All physical and psychological considerations factor into a person’s perception of quality of life. For example, chronic pain occurs in the majority of adults, limits activity, and has no definitive treatment.73,74 Additionally, psychological concerns negatively influence quality of life, particularly in older men with MFS. Executive function difficulties, such as mental fatigue, were more common in MFS.75 Other issues, termed psychosocial, attempt to explain how a person’s actual and perceived condition impacts their interactions with people, institutions, and the environment. Studies have applied both quantitative and qualitative tools, but most have been limited by small sample size, poor response rate, or both.
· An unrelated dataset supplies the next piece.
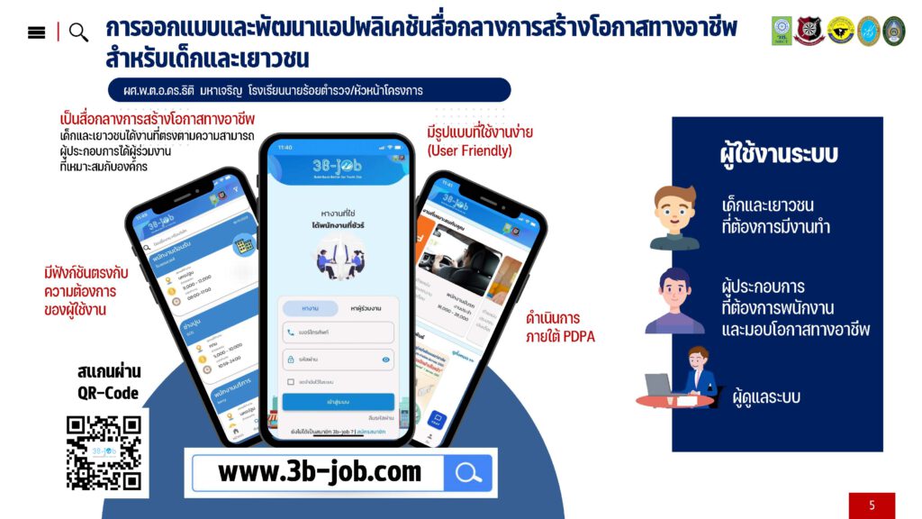 ผศ.พ.ต.อ.ดร. ธิติ มหาเจริญ รองคณบดีคณะนิติวิทยาศาสตร์ โรงเรียนนายร้อยตำรวจ กล่าวว่า โครงการออกแบบพัฒนาแอพพลิเคชัน “3B-JOB” เป็นโครงการวิจัยที่ได้รับการสนับสนุนจาก วช. ซึ่งมุ่งเน้นการสร้างโอกาสทางอาชีพสำหรับเด็กและเยาวชนที่เคยก้าวพลาด ด้วยการใช้แอพพลิเคชันเป็นสื่อกลางระหว่างผู้ประกอบการ นายจ้าง และเด็ก เยาวชนที่ต้องการมีงานทำ โดยแบ่งผู้ใช้งานออกเป็น 2 กลุ่ม ได้แก่ 1) กลุ่มเครือข่ายส่งเสริมอาชีพ คือ กลุ่มผู้ประกอบการหรือนายจ้างที่สามารถประชาสัมพันธ์ภารกิจของหน่วยงานลงประกาศรับสมัครงาน และเสนอตำแหน่งงานที่เหมาะสมให้กับเด็กและเยาวชนได้โดยตรง และ 2) กลุ่มเด็กและเยาวชนที่ต้องการมีงานทำ ซึ่งสามารถสร้างโปรไฟล์ ลงประวัติส่วนตัว และนำเสนอศักยภาพและทักษะในด้านต่าง ๆ ที่ตรงตามความต้องการของตนเองและตลาดแรงงาน

Furthermore, all studies have been cross-sectional and not longitudinal. Issues other than those directly related to the MFS provide a backdrop to health concerns. Greater than 80% of knowledgeable patients perceived MFS as negatively impacting their lives. Nearly all viewed MFS as a severe or potentially lethal condition. In the largest survey to date, 389 patients completed a survey that found numerous predictors of better quality of life: less severe MFS, no depression, being married, being a college graduate, having had fewer prior surgeries, and no more than moderate alcohol use. In multivariate analysis, the only two predictive factors were having health insurance and being employed. Meanwhile, health-related quality of life scores were significantly lower than general population norms. Understanding if perceptions of quality of life worsen over time if insurance or employment is lost, or if any other factors intervene, would be relevant.
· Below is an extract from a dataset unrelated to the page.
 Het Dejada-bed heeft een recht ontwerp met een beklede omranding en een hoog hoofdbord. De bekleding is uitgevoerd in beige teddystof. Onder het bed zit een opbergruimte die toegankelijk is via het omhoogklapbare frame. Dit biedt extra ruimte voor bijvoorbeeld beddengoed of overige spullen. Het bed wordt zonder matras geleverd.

Short-term or long-term involvement with support groups can be helpful, but has not been studied in MFS.

Other issues with aging

There are many other aspects of “normal” aging that have not been examined in MFS. Examples are atherosclerosis and neoplasia in its many forms. In this regard, anecdotal evidence carries little weight, and large-scale studies require the cooperation of many centers and health-care professionals.

Conclusion

All aspects of MFS will become clearer as the genetic and environmental factors are better understood, especially as knowledge of pathogenesis improves. Natural history continues to evolve as people age. The clinical history of each of the manifestations both emerges and evolves as new treatments are applied and also as people age. Both histories require careful research, preferably longitudinal. Centers that focus on MFS, committed investigators, funding agencies, and patient support groups, such as The Marfan Foundation (marfan.org) in the United States, can and should contribute to this research.

The general issues discussed here are relevant to many pleiotropic monogenic disorders especially those in which earlier diagnosis and effective treatments have led to increased life expectancy. For example, in hereditary hemorrhagic telangiectasia, progressive involvement of the gastrointestinal tract and liver become increasing concerns as people survive pulmonary and cerebral arteriovenous malformations.